===== Study material
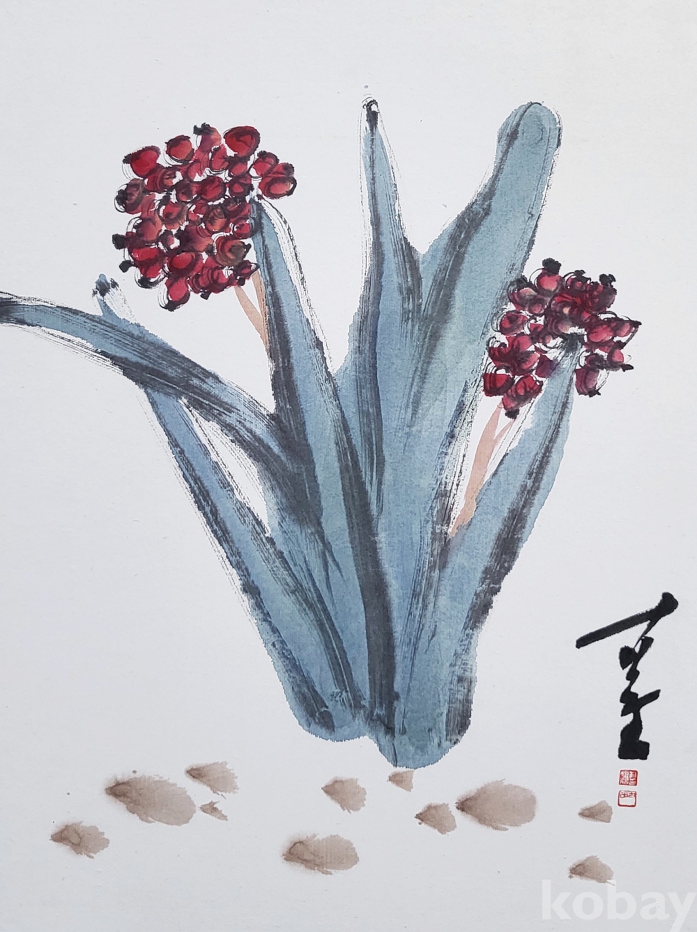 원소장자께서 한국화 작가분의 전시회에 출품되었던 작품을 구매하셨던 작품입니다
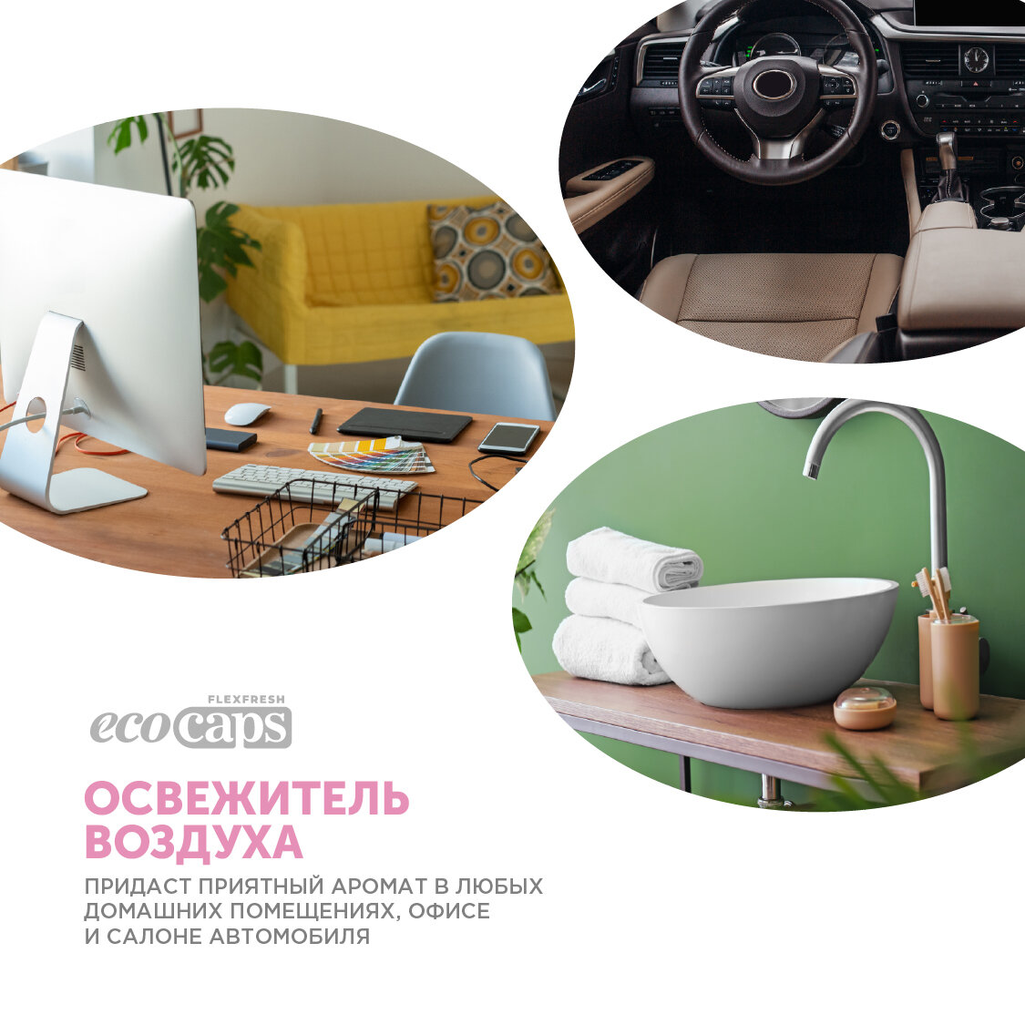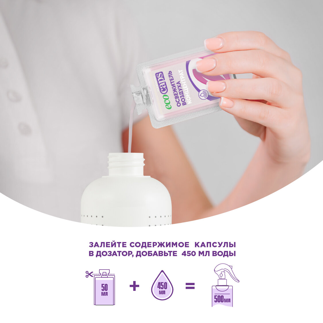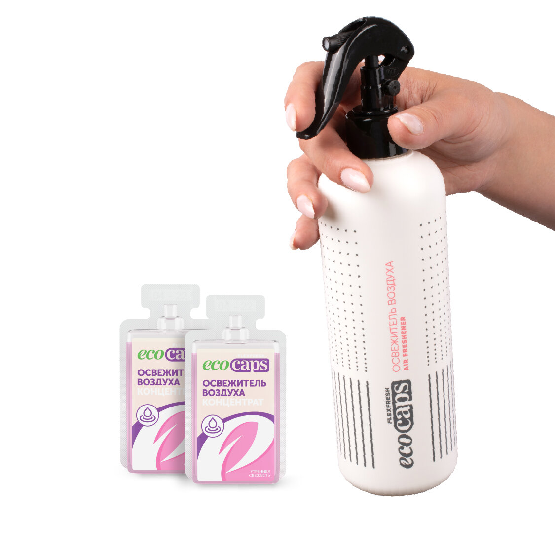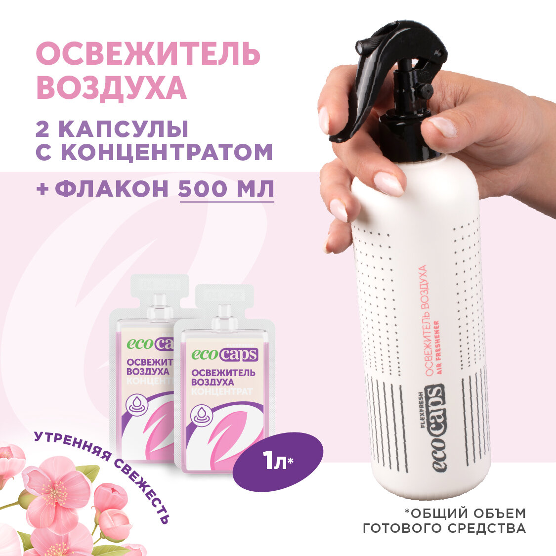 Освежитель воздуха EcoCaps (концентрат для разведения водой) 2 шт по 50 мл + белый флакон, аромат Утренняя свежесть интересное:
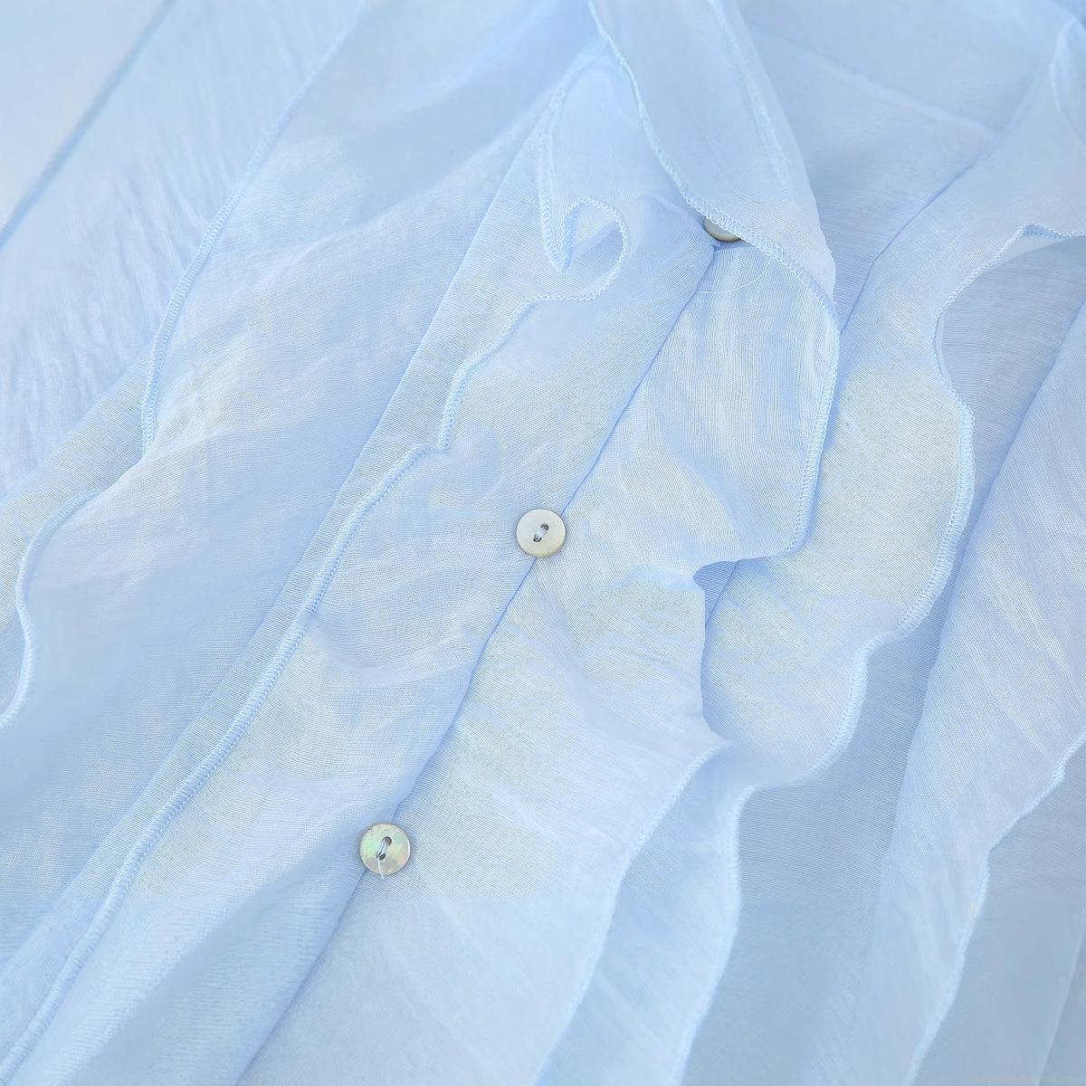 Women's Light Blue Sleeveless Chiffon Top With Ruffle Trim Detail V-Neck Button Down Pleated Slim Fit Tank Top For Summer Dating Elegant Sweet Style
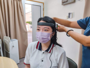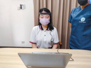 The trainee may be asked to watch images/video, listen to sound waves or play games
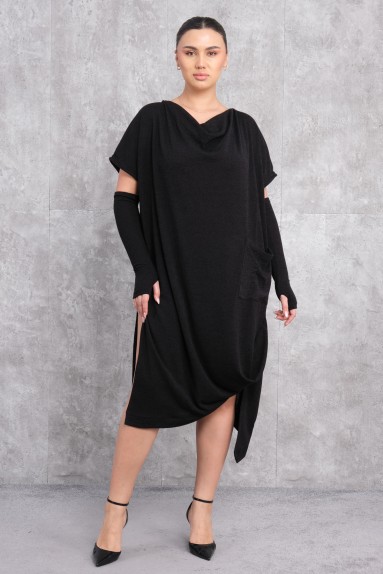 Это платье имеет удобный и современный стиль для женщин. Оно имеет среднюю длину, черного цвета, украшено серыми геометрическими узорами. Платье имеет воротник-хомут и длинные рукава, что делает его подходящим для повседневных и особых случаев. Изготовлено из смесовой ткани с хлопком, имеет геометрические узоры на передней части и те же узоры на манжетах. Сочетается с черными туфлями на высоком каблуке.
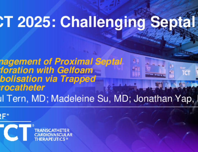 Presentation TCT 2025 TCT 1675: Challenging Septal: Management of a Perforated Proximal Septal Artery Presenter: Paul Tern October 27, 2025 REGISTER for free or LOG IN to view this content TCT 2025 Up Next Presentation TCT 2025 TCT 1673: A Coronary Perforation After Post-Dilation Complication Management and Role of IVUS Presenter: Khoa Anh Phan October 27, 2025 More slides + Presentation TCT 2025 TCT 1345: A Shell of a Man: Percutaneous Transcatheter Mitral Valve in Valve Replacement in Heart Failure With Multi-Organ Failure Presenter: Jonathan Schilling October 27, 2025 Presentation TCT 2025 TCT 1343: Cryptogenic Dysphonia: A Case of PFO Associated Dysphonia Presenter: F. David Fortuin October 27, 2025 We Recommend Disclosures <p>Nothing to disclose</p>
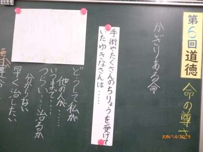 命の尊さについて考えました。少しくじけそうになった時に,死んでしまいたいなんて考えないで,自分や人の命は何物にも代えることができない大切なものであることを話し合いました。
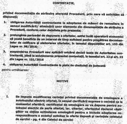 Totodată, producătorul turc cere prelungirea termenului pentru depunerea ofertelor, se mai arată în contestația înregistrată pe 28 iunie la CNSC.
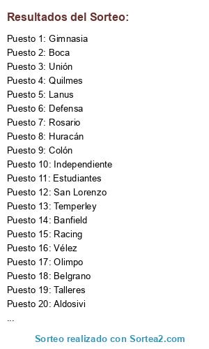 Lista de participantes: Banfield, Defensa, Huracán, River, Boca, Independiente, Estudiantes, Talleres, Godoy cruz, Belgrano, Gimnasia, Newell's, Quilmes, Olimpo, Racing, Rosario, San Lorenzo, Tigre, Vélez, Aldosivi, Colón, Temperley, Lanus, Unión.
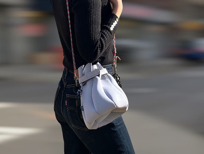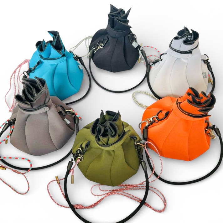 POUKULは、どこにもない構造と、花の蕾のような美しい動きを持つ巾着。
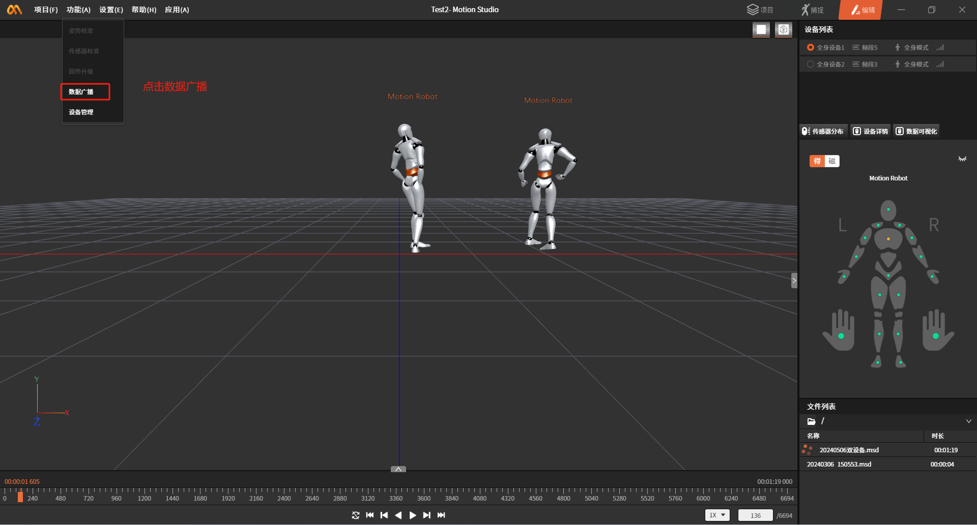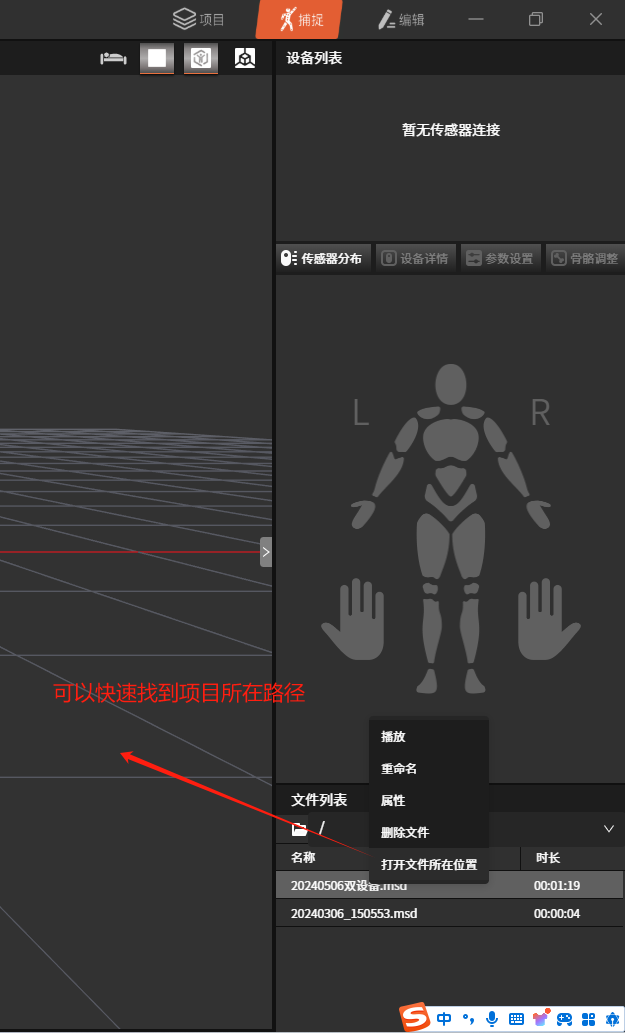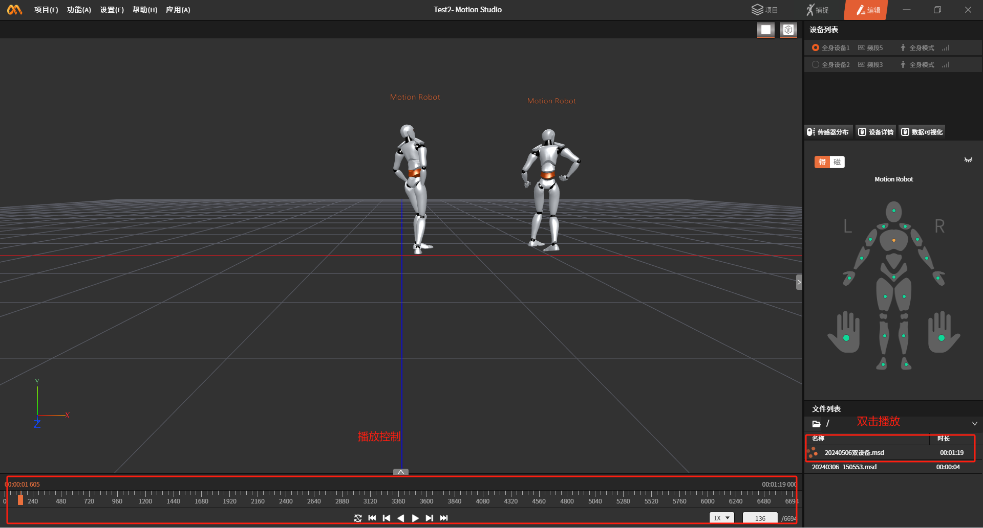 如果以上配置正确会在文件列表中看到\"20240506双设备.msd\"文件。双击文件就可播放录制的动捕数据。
==========
Print nothing but the lines above starting with the line that contains "命の尊さについて考えました。" and going on through the line that contains "Totodată, producătorul turc". Leave out the pictures.

 命の尊さについて考えました。少しくじけそうになった時に,死んでしまいたいなんて考えないで,自分や人の命は何物にも代えることができない大切なものであることを話し合いました。
 Totodată, producătorul turc cere prelungirea termenului pentru depunerea ofertelor, se mai arată în contestația înregistrată pe 28 iunie la CNSC.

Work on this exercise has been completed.